December 11, 2013 · 0 comments

Bringing Design Thinking To Social Problems, Ideo.org Focuses On The People In Need | Complete article: FastCoexist, Dec 2013 |

The nonprofit spin-off of the huge design firm takes on issues like sanitation and clean cook stoves from the unique perspective of the design world.

Excerpts – Jocelyn Wyatt and Patrice Martin are the co-leads and executive directors of Ideo.org, the unique nonprofit wing of innovative design firm Ideo. Their mission: apply human-centered design to poverty-related challenges … and in the process, change the way that a for-profit business can use their resources to create social good.

Patrice Martin

Exactly what is human-centered design? Whether working with low income parents in the U.S. on how to engage in their children’s education, or creating a sanitation business in Ghana, Wyatt and Martin say their goal is to focus first on the people being served, enabling them to find a solution that’s better. “Instead of just looking at the problem from a technical perspective, we always make sure to integrate what’s desirable to people,” says Martin. “Almost all of our work begins with the actual end user, or the target market, or the person that we ultimately want to impact.

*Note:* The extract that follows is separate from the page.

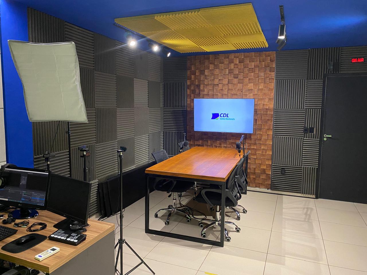 Espaço moderno e equipado, com capacidade máxima para até 7 pessoas. Ideal para gravações, podcasts e produções audiovisuais.

We’ve found that that lens was in many cases missing from work in the social sector. We want to make something and find out if it works–and if it doesn’t, how we can change it?”

One example is the Uniloo/Clean Team toilet developed by Ideo.org alongside Unilever and Water & Sanitation for the Urban Poor, using Kumasi, the second-largest city in Ghana, as a test market. “Public pay toilets were prevalent in Kumasi, and they were used quite a bit of the time,” reports Wyatt. “They were dirty, and sometimes inconvenient, but, you know, it was still kind of the best option.” And yet there continued to be open defecation in the city. In talking to Kumasi residents, Wyatt says, they soon learned about the problem of, um, emergencies. “People would say, ‘Yes, I use the public toilet,’” Wyatt says. “And we would say ‘Always?’ And they would say ‘Yes.’ Finally they would admit that, ‘Well, yes, sometimes in the middle of the night there’s an emergency, and I dump the bucket outside my home in the gutter.’”

That led the team to realize that instead of bringing the people to the toilets, they needed to bring the toilets to the people. Clean Team now has 330 Ideo.org-designed Uniloo toilets in operation on a rental service model–waste is picked up three times a week and delivered to a treatment facility–and they’re hoping to scale that to 10,000 by the end of next year.